In Britain, implementing the new rule means changing bits of several key constitutional documents, including the Bill of Rights and Coronation Oath Act of 1688, the 1701 Act of Settlement and the 1706 Act of Union with Scotland.
Lacey said if it is not done by the time the baby is born, uncertainty is bound to remain. A first-born girl could find her younger brother challenging her for the throne on the grounds that the law had not been changed at the time of her birth.
And what if Kate has twins? Experts say the firstborn will be the heir _ but things could get complicated if the succession rules are not changed before the birth.
“Say they have twins and a girl comes out first and 20 years later the boy turns out to be the more attractive character,” Lacey said. “People will say that at the time the law meant the boy should have inherited.”

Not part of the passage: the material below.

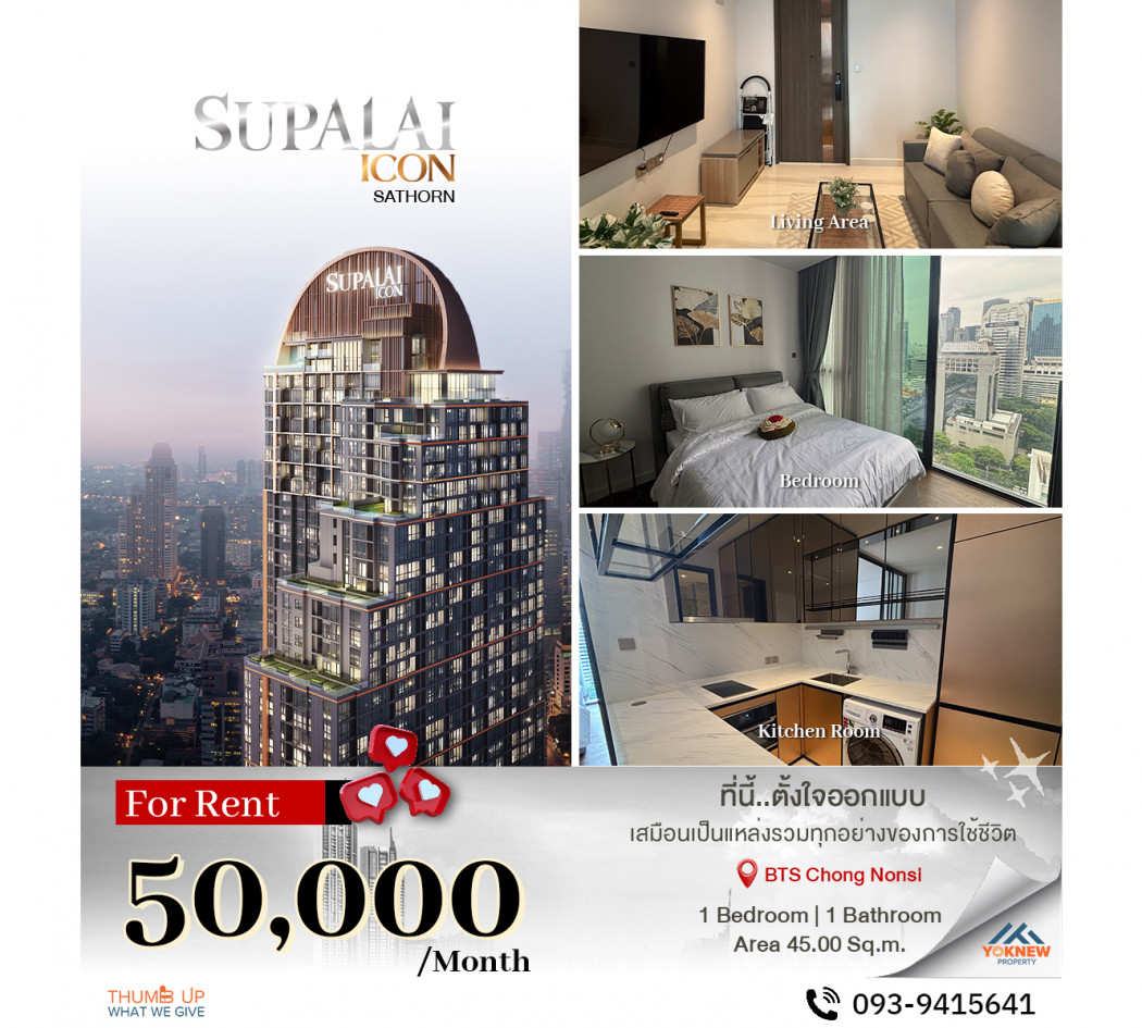 ให้เช่า Supalai Icon Sathon 45 ตรม. ชั้น 20 *Fully Furnished* ห้องใหม่ พร้อมส่วนกลางอลังการ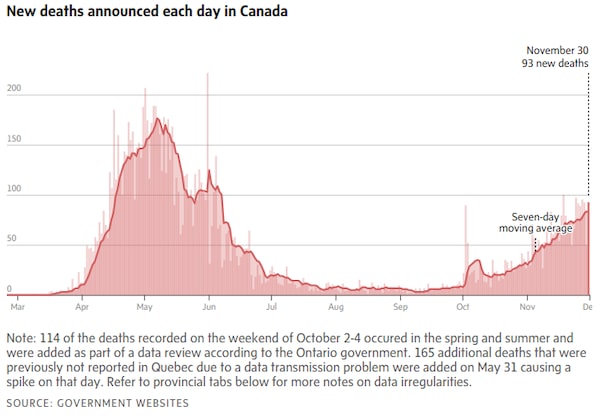 Sources: Canada data is compiled from government websites, Johns Hopkins and COVID-19 Canada Open Data Working Group; international data is from Johns Hopkins University.

Rebecca Probert, a professor at the University of Warwick’s school of law, said there are other issues that the law should address to bring the monarchy up to date.
British monarchs are banned from marrying Roman Catholics, but not members of other faiths _ something Clegg said the new law would change.
An heir also cannot marry without the monarch’s permission, and can’t marry in a civil ceremony _ even though Prince Charles, William’s father, did just that when he wed his second wife, Camilla Parker Bowles, in 2005.
Probert said it’s important “to have a clause in there confirming that monarchs are able to marry in the same ways that are open to their subjects.”
But she thinks that may prove too complicated for lawmakers in the short term.
“They might decide in the interests of time to stick to the single issue of gender and leave the rest to a more convenient time _ which tends to be never,” she said.